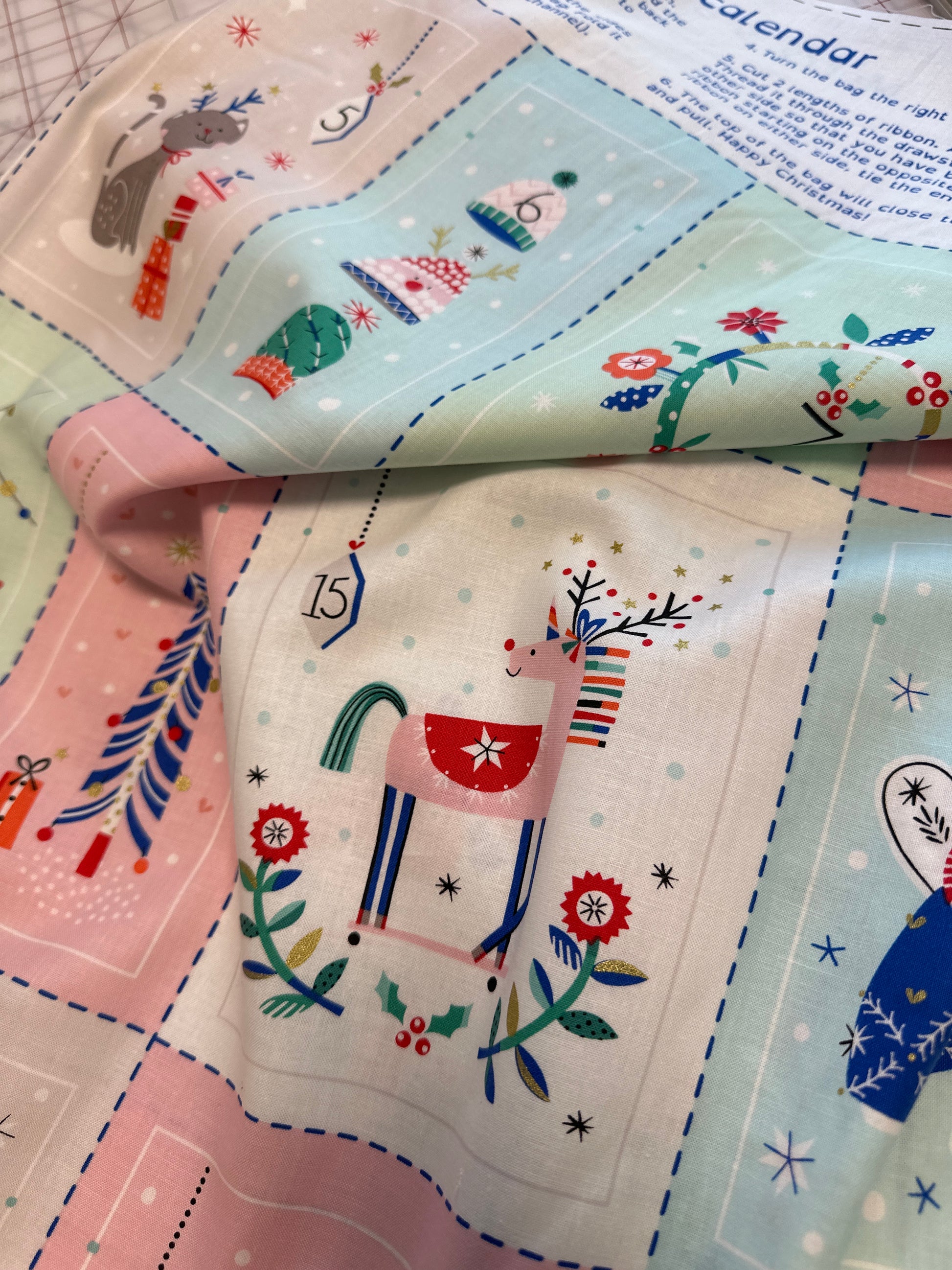 Makes 24 drawstring advent bags (Instructions included on fabric)
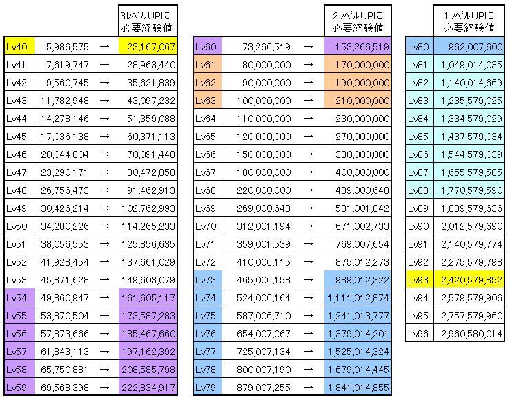 40 5,986,575 →3レベルUPに必要経験値は23,167,067、Lv93の人は2,420,579,852でLv40の人の
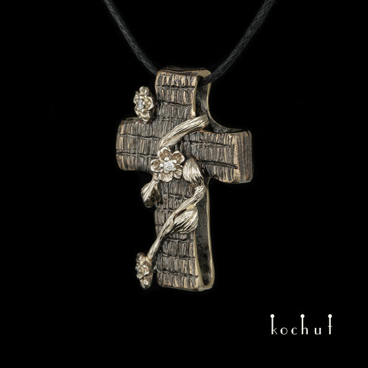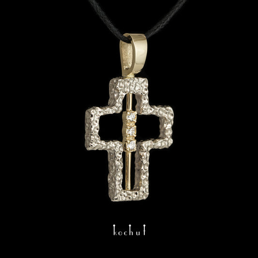 Demut — Kreuz aus oxidiertem Silber und Gelbgold
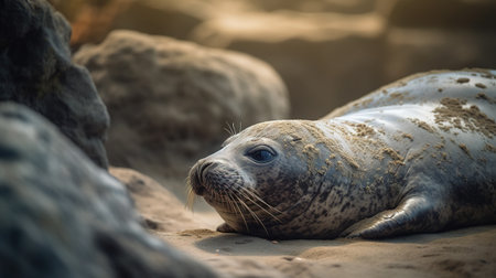 seal sunbathing on the beach generative ai
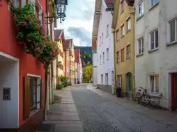 The Old Town (Altstadt) is vibrant. The ancient cobblestone streets, pastel-colored wooden houses, and Baroque buildings create a nostalgic atmosphere. There are ancient churches, such as St. Mang's Abbey and the Hohes Schloss (High Castle), with its trompe-l'œil murals.

**Action item:**
Repeat the records in full, precisely, and keep the pictures out.

**Answer to this problem:**
 Makes 24 drawstring advent bags (Instructions included on fabric)
 40 5,986,575 →3レベルUPに必要経験値は23,167,067、Lv93の人は2,420,579,852でLv40の人の
 Demut — Kreuz aus oxidiertem Silber und Gelbgold
 seal sunbathing on the beach generative ai
 The Old Town (Altstadt) is vibrant. The ancient cobblestone streets, pastel-colored wooden houses, and Baroque buildings create a nostalgic atmosphere. There are ancient churches, such as St. Mang's Abbey and the Hohes Schloss (High Castle), with its trompe-l'œil murals.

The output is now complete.